■ WHAT TO PRODUCE ■
Return the full listing unchanged, apart from leaving out its images.

■ DATA ■
────

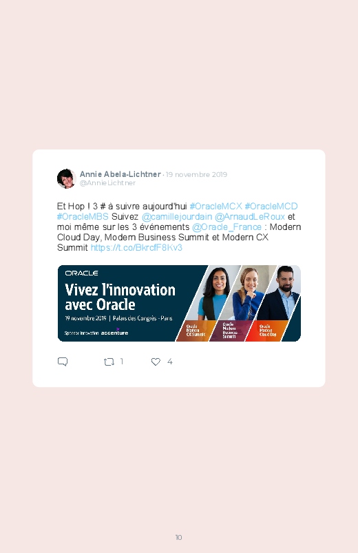 L'Oracle Modern Cloud Day, Un moment unique d’échanges avec les clients, influenceurs et experts passionnés par l’expérience client. Découvrez dans ce livre Twitter les temps forts de l’événement pour l’innovation et optimiser l’engagement client autant que l’expérience de marque !
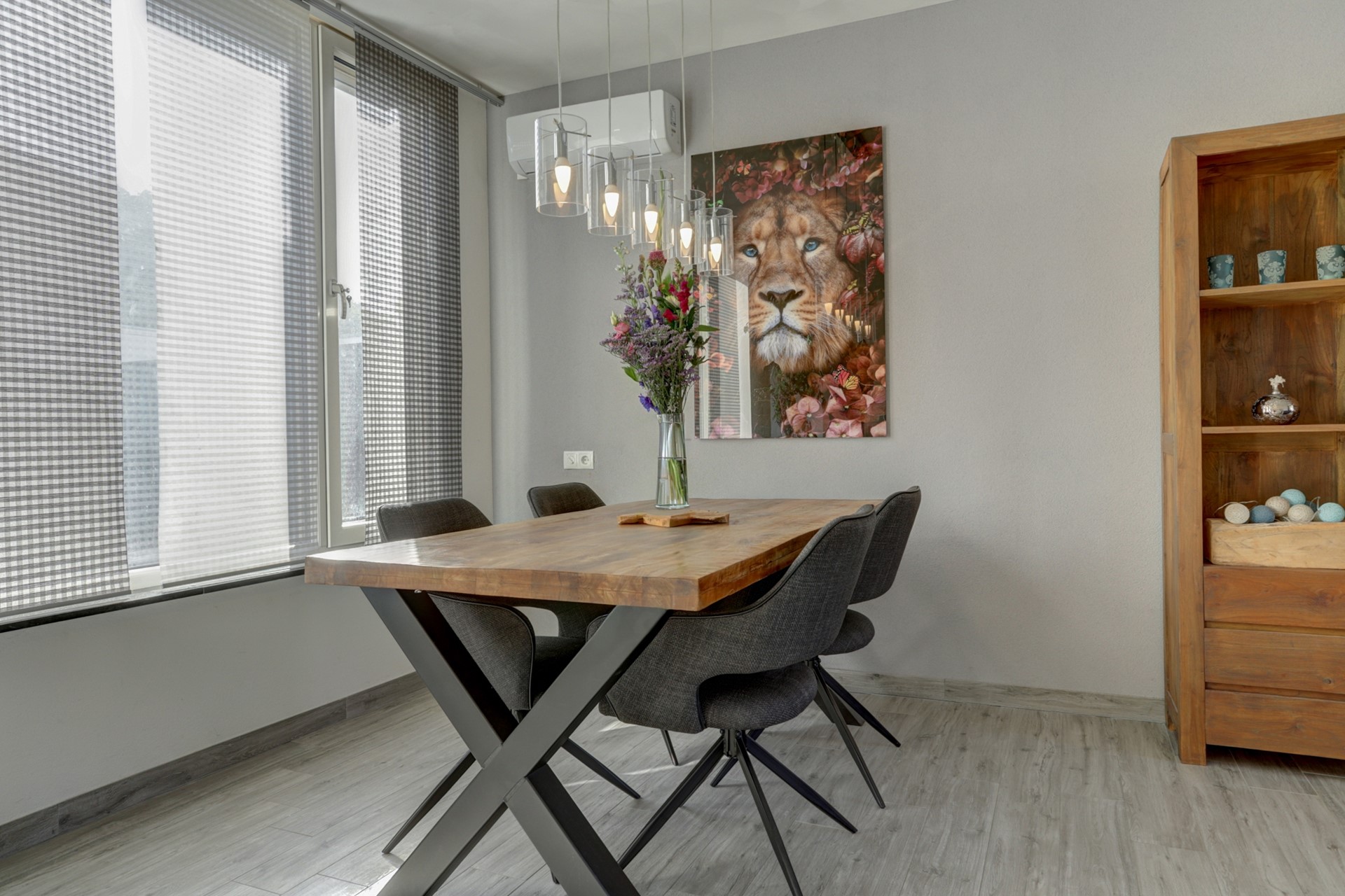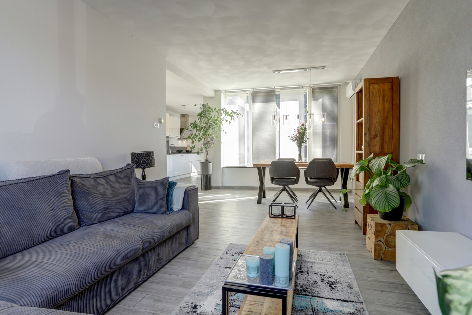 De afwerking is modern en tijdloos met een houtlook tegelvloer inclusief vloerverwarming, strak gestuukte wanden en een strak plafond met een mooie maantjesstructuur.
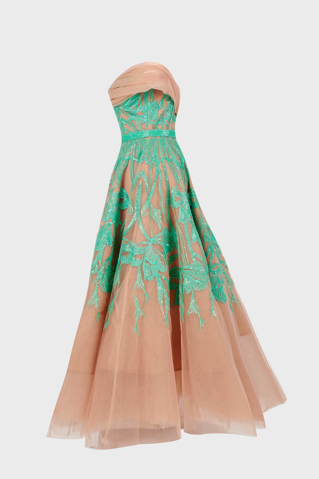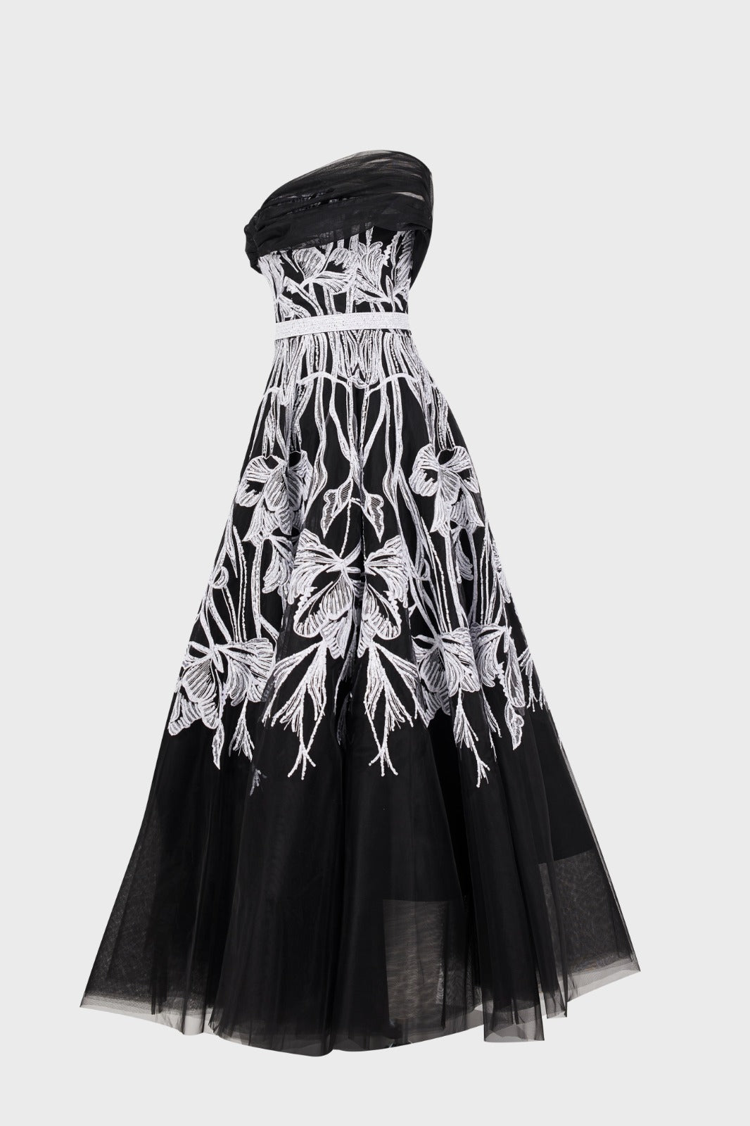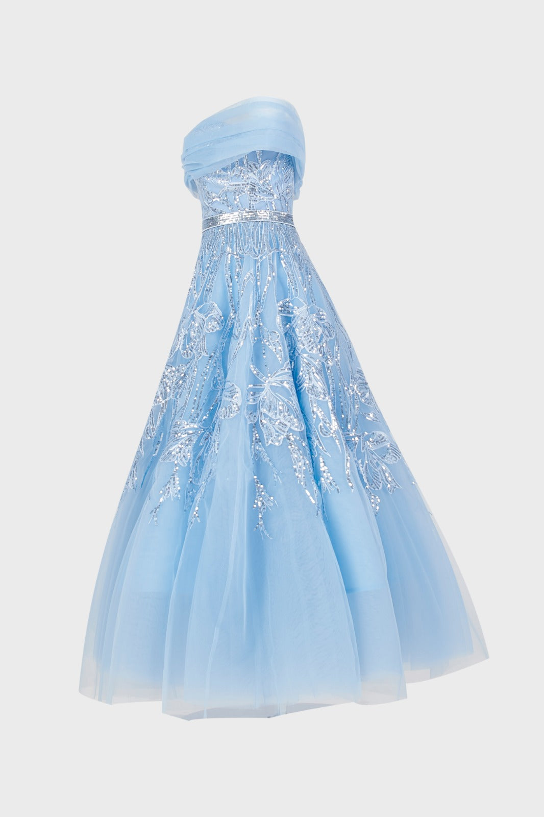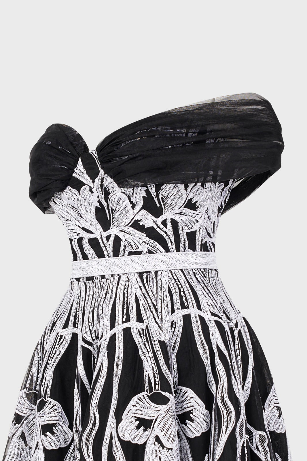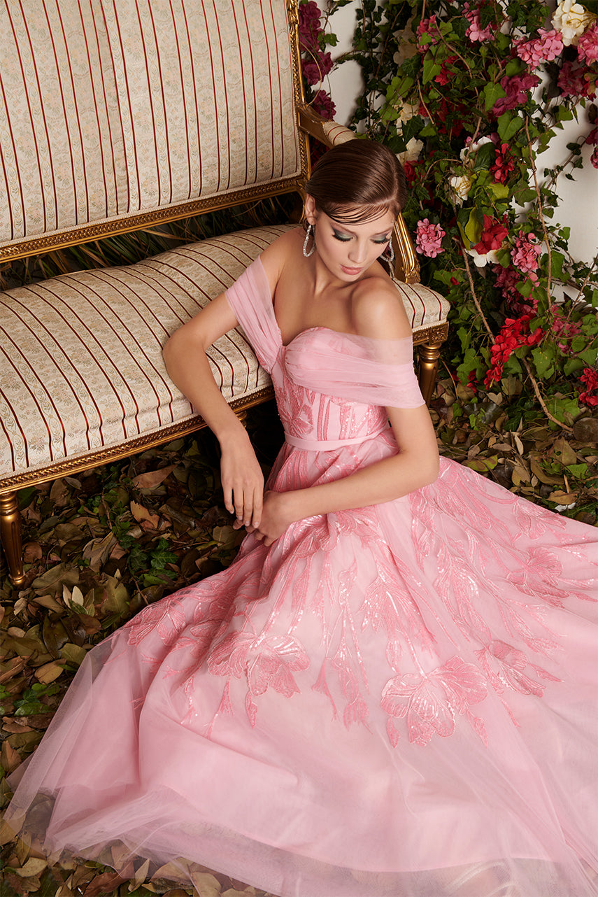 • Off-shoulder hand-made sequence embroidered dress with a shoulder to shoulder french Tul Bust, Midi-length skirt, and an elegant thin french crep belt

────

■ RESPONSE BELOW ■
 L'Oracle Modern Cloud Day, Un moment unique d’échanges avec les clients, influenceurs et experts passionnés par l’expérience client. Découvrez dans ce livre Twitter les temps forts de l’événement pour l’innovation et optimiser l’engagement client autant que l’expérience de marque !
 De afwerking is modern en tijdloos met een houtlook tegelvloer inclusief vloerverwarming, strak gestuukte wanden en een strak plafond met een mooie maantjesstructuur.
 • Off-shoulder hand-made sequence embroidered dress with a shoulder to shoulder french Tul Bust, Midi-length skirt, and an elegant thin french crep belt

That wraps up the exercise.